■ **REQUIRED WORK**:
Please print, exactly, only the lines in the entries below from the line that has "행성인 HIV/AIDS 인권팀" through the line that has "财联社4月1日电,油轮跟踪数". Pictures don't go in.

[SOURCE RECORDS]

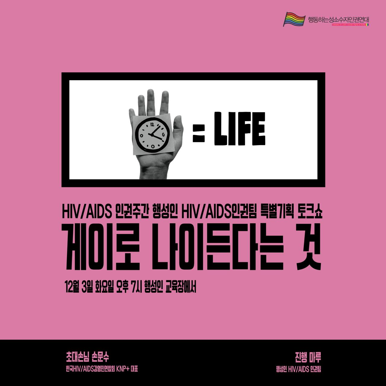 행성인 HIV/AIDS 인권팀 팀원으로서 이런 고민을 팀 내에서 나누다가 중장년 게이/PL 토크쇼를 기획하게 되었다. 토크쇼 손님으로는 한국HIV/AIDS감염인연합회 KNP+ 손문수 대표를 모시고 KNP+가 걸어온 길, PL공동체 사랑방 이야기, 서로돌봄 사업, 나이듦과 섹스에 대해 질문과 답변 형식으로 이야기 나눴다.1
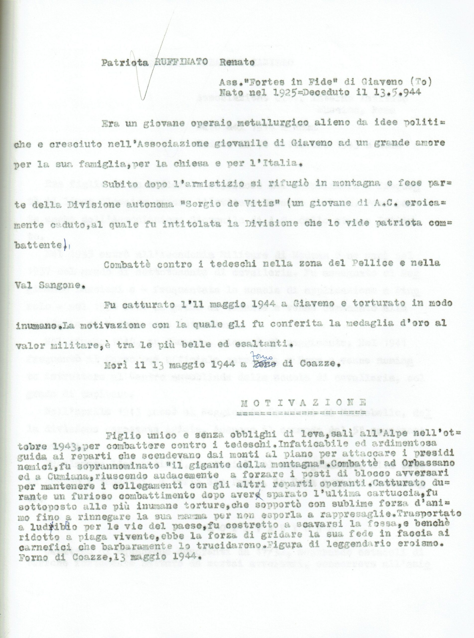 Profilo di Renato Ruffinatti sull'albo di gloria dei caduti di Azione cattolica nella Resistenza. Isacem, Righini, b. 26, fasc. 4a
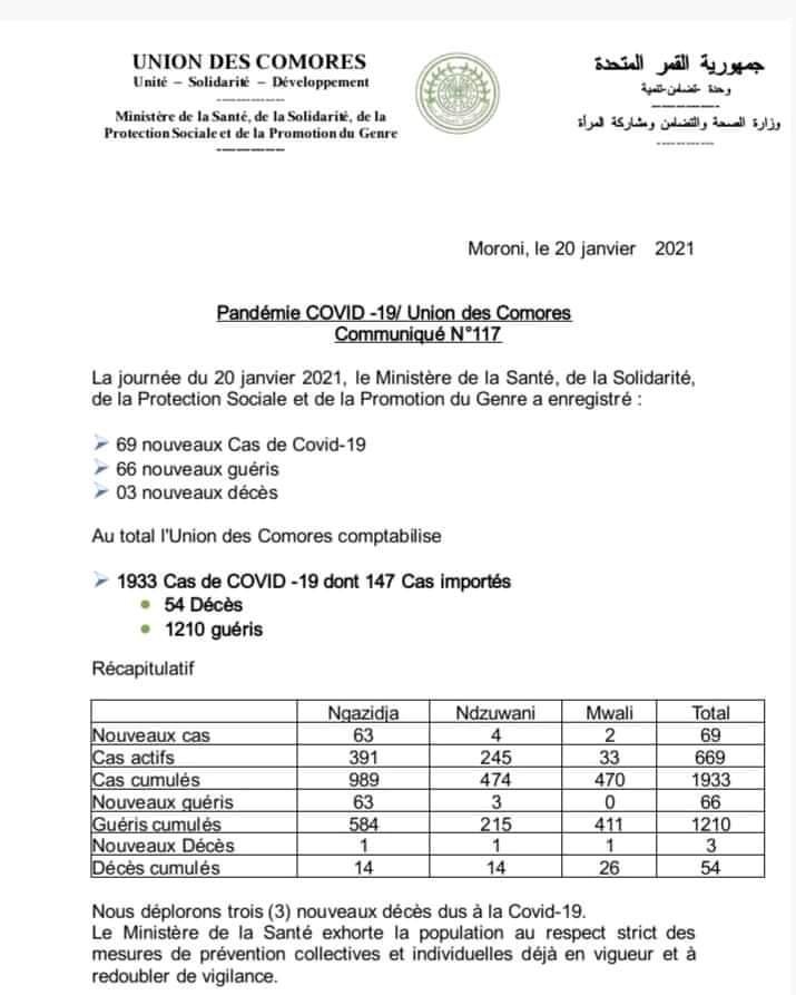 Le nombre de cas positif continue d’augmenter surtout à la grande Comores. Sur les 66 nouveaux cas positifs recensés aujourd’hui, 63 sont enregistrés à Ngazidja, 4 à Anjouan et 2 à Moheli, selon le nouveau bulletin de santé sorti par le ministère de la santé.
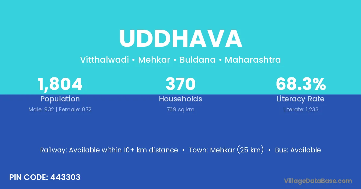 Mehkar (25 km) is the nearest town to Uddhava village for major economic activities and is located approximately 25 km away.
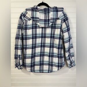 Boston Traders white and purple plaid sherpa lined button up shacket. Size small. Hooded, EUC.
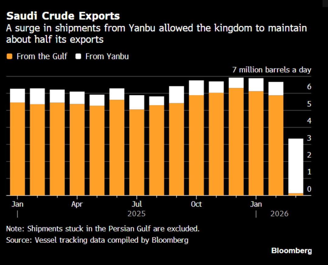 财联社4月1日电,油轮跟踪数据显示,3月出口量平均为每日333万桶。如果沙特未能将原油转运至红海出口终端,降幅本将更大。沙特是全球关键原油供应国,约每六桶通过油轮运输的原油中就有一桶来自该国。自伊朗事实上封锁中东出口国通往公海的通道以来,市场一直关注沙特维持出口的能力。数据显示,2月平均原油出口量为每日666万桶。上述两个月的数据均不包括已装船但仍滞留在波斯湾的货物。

[/SOURCE RECORDS]
[SOURCE RECORDS]

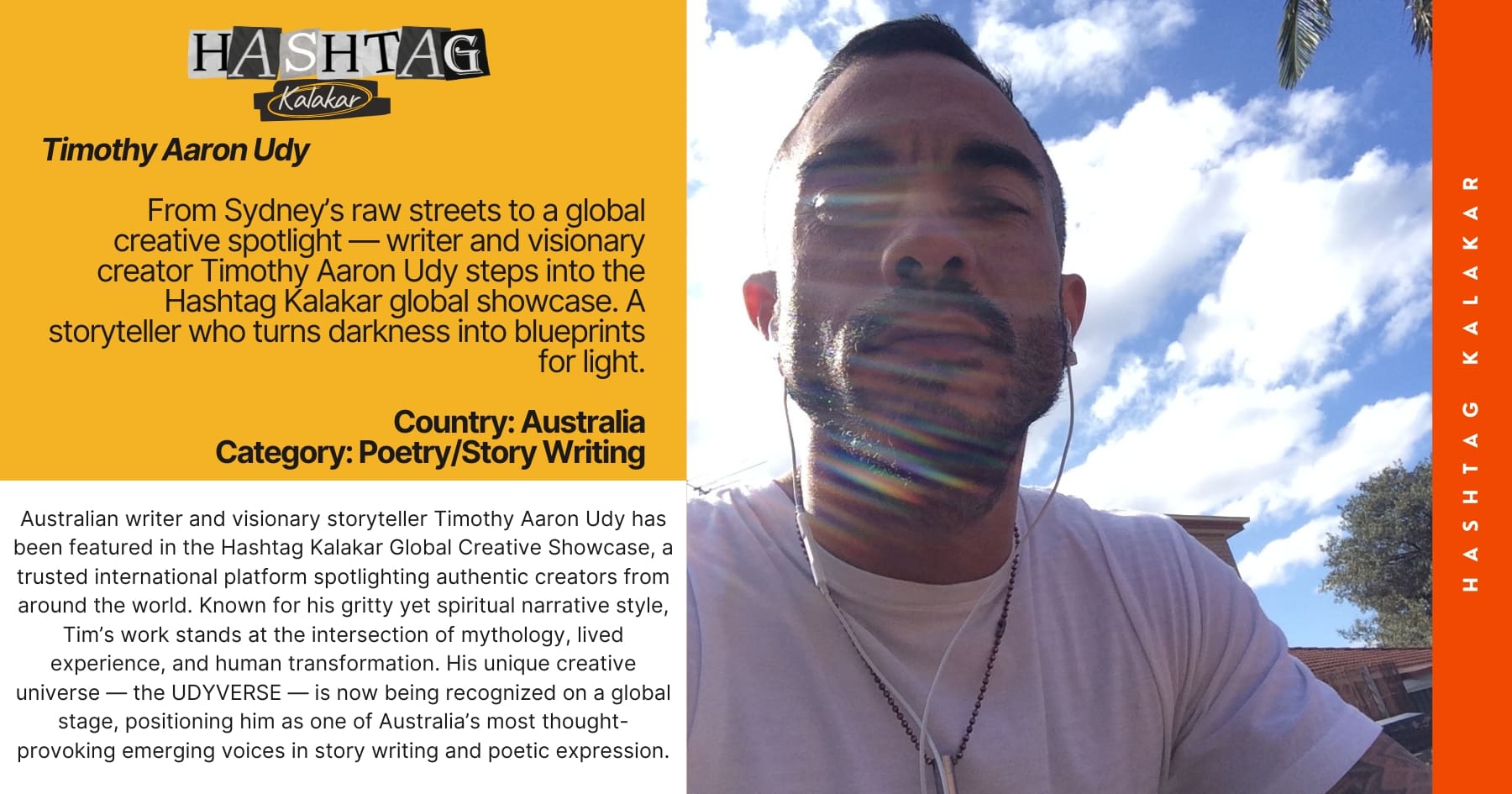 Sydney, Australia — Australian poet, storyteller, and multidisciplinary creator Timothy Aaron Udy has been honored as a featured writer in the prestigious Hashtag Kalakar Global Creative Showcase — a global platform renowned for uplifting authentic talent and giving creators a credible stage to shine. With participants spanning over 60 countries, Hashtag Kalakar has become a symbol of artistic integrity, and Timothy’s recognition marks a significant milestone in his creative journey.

[/SOURCE RECORDS]

■ **EXERCISE OUTPUT**:
 행성인 HIV/AIDS 인권팀 팀원으로서 이런 고민을 팀 내에서 나누다가 중장년 게이/PL 토크쇼를 기획하게 되었다. 토크쇼 손님으로는 한국HIV/AIDS감염인연합회 KNP+ 손문수 대표를 모시고 KNP+가 걸어온 길, PL공동체 사랑방 이야기, 서로돌봄 사업, 나이듦과 섹스에 대해 질문과 답변 형식으로 이야기 나눴다.1
 Profilo di Renato Ruffinatti sull'albo di gloria dei caduti di Azione cattolica nella Resistenza. Isacem, Righini, b. 26, fasc. 4a
 Le nombre de cas positif continue d’augmenter surtout à la grande Comores. Sur les 66 nouveaux cas positifs recensés aujourd’hui, 63 sont enregistrés à Ngazidja, 4 à Anjouan et 2 à Moheli, selon le nouveau bulletin de santé sorti par le ministère de la santé.
 Mehkar (25 km) is the nearest town to Uddhava village for major economic activities and is located approximately 25 km away.
 Boston Traders white and purple plaid sherpa lined button up shacket. Size small. Hooded, EUC.
 财联社4月1日电,油轮跟踪数据显示,3月出口量平均为每日333万桶。如果沙特未能将原油转运至红海出口终端,降幅本将更大。沙特是全球关键原油供应国,约每六桶通过油轮运输的原油中就有一桶来自该国。自伊朗事实上封锁中东出口国通往公海的通道以来,市场一直关注沙特维持出口的能力。数据显示,2月平均原油出口量为每日666万桶。上述两个月的数据均不包括已装船但仍滞留在波斯湾的货物。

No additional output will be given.